START EXTRACTED ENTRIES

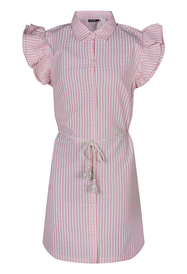 Deze meisjesjurk van Persival heeft een vrolijk streepjespatroon en een klassieke kraag voor een tijdloze uitstraling. De jurk is voorzien van een doorknoopsluiting en heeft schattige ruchemouwen die een speelse touch geven. Het koordje in de taille zorgt ervoor dat de jurk mooi kan worden aangepast voor een perfecte pasvorm.
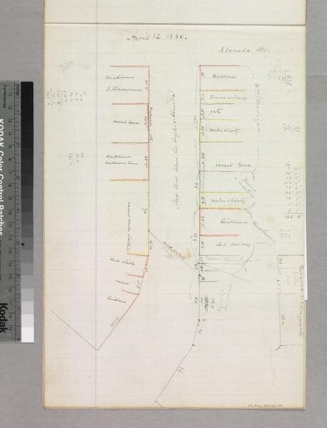 Within bound document, "Aliso Street Sewer," verso of pg. 5, pencil on paper, showing parcels, distances. Title supplied by cataloger.
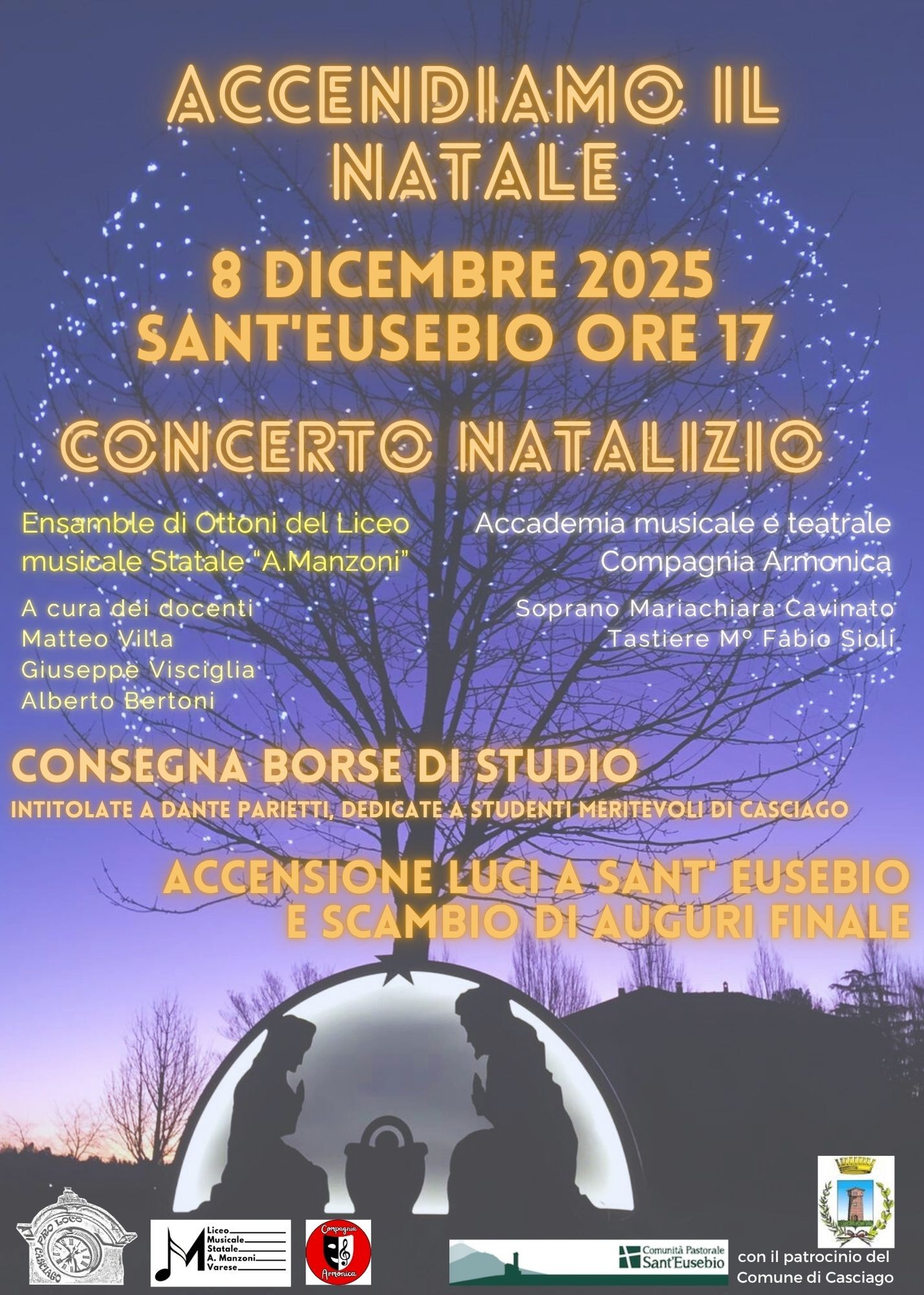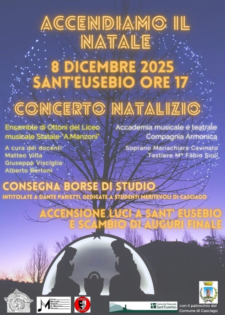 Il Natale a Casciago inizia con le note della musica e la luce della condivisione. Domenica 8 dicembre 2025, alle ore 17, la comunità si riunirà a Sant’Eusebio per l’iniziativa “Accendiamo il Natale”, un evento organizzato dalla Pro Loco in collaborazione con la Comunità Pastorale Sant’Eusebio, con il patrocinio del Comune di Casciago.
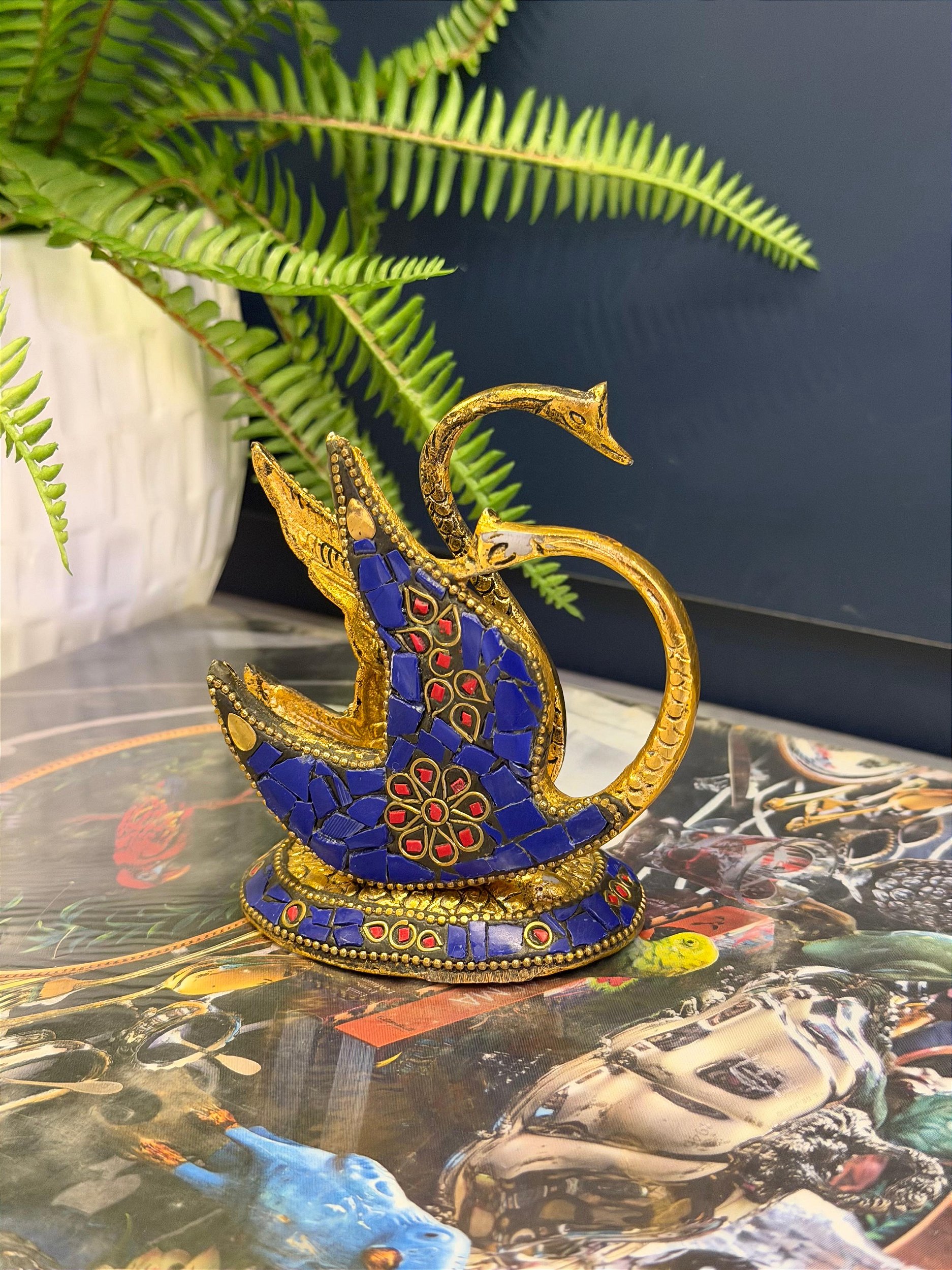 Porta Guardanapos - Metal - Azul e Dourado
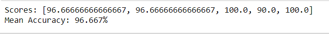 print('Mean Accuracy: %.3f%%' % (sum(scores)/float(len(scores))))Thus the python program successully implemented KNN classification algorithm.
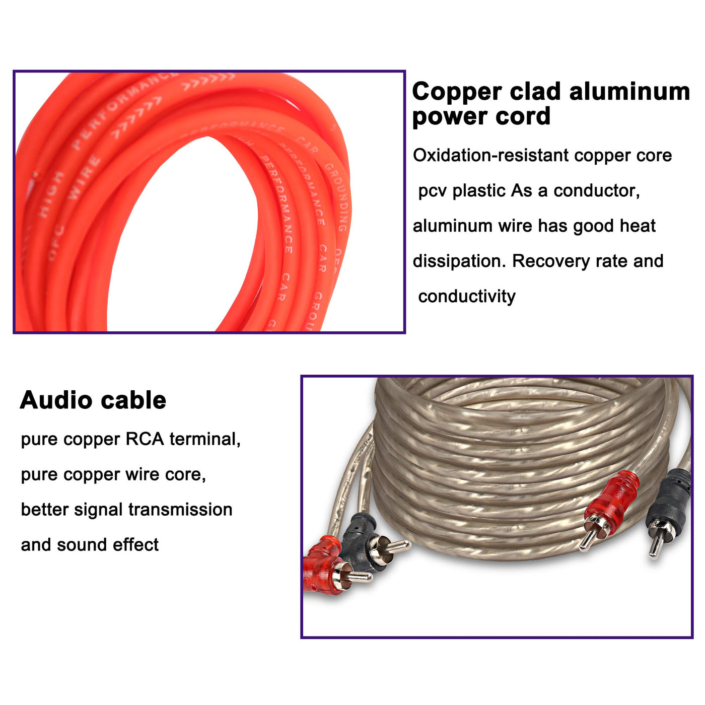 Q: What materials are used in the wiring kit?A: The kit features high-quality, durable materials including heavy-duty oxygen-free copper and copper-clad aluminum for excellent conductivity, along with a wear-resistant PVC cable sheath.
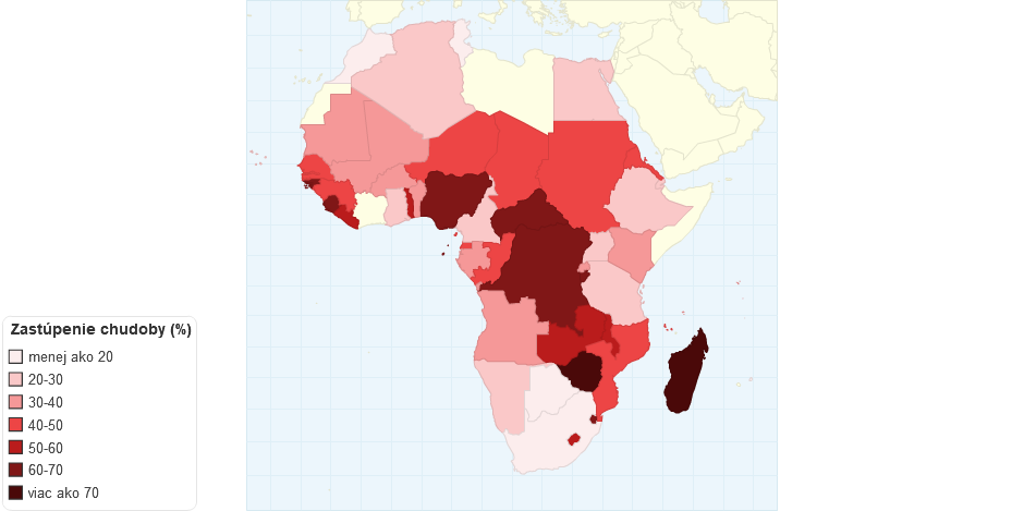 Mapa zobrazuje percentuálne zastúpenie chudoby v jednotlivých afrických štátoch.
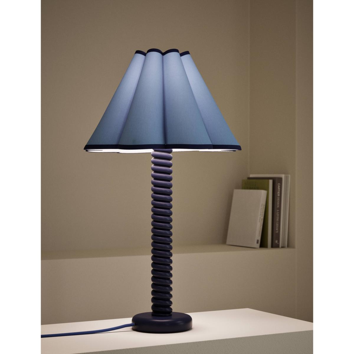 Bring a traditional touch to your desk or bedside cabinet with this stylish table lamp. The design features a textured swirl base made from resin with a matte finish. This is complemented by a flower-shaped shade.
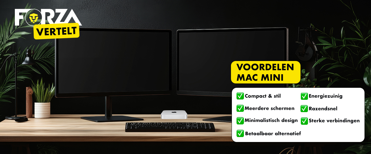 - Goede prijs-kwaliteit verhouding: Een Mac Mini kopen is vaak betaalbaarder dan een iMac of Macbook terwijl je toch de verwachte Apple-kwaliteit krijgt. Al helemaal wanneer je een refurbished Mac Mini bij Forza aanschaft.
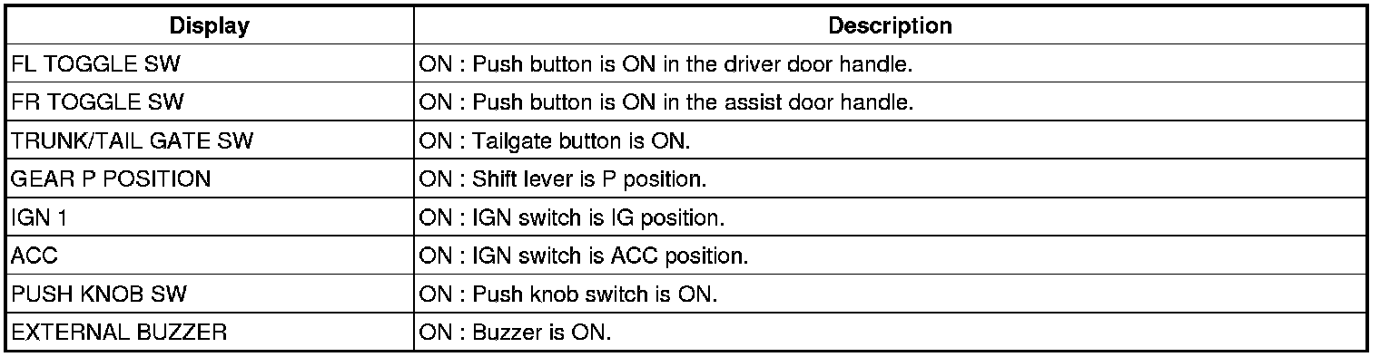 1. SMART KEY unit Input problem : switch diagnosis

END EXTRACTED ENTRIES

▶ _TRY IT_
Using the data above, return the lines from the one holding "print('Mean Accuracy: %.3f%%'" through the one holding "Bring a traditional" exactly, but not the pictures.

▶ _PROBLEM SOLUTION_
 print('Mean Accuracy: %.3f%%' % (sum(scores)/float(len(scores))))Thus the python program successully implemented KNN classification algorithm.
 Q: What materials are used in the wiring kit?A: The kit features high-quality, durable materials including heavy-duty oxygen-free copper and copper-clad aluminum for excellent conductivity, along with a wear-resistant PVC cable sheath.
 Mapa zobrazuje percentuálne zastúpenie chudoby v jednotlivých afrických štátoch.
 Bring a traditional touch to your desk or bedside cabinet with this stylish table lamp. The design features a textured swirl base made from resin with a matte finish. This is complemented by a flower-shaped shade.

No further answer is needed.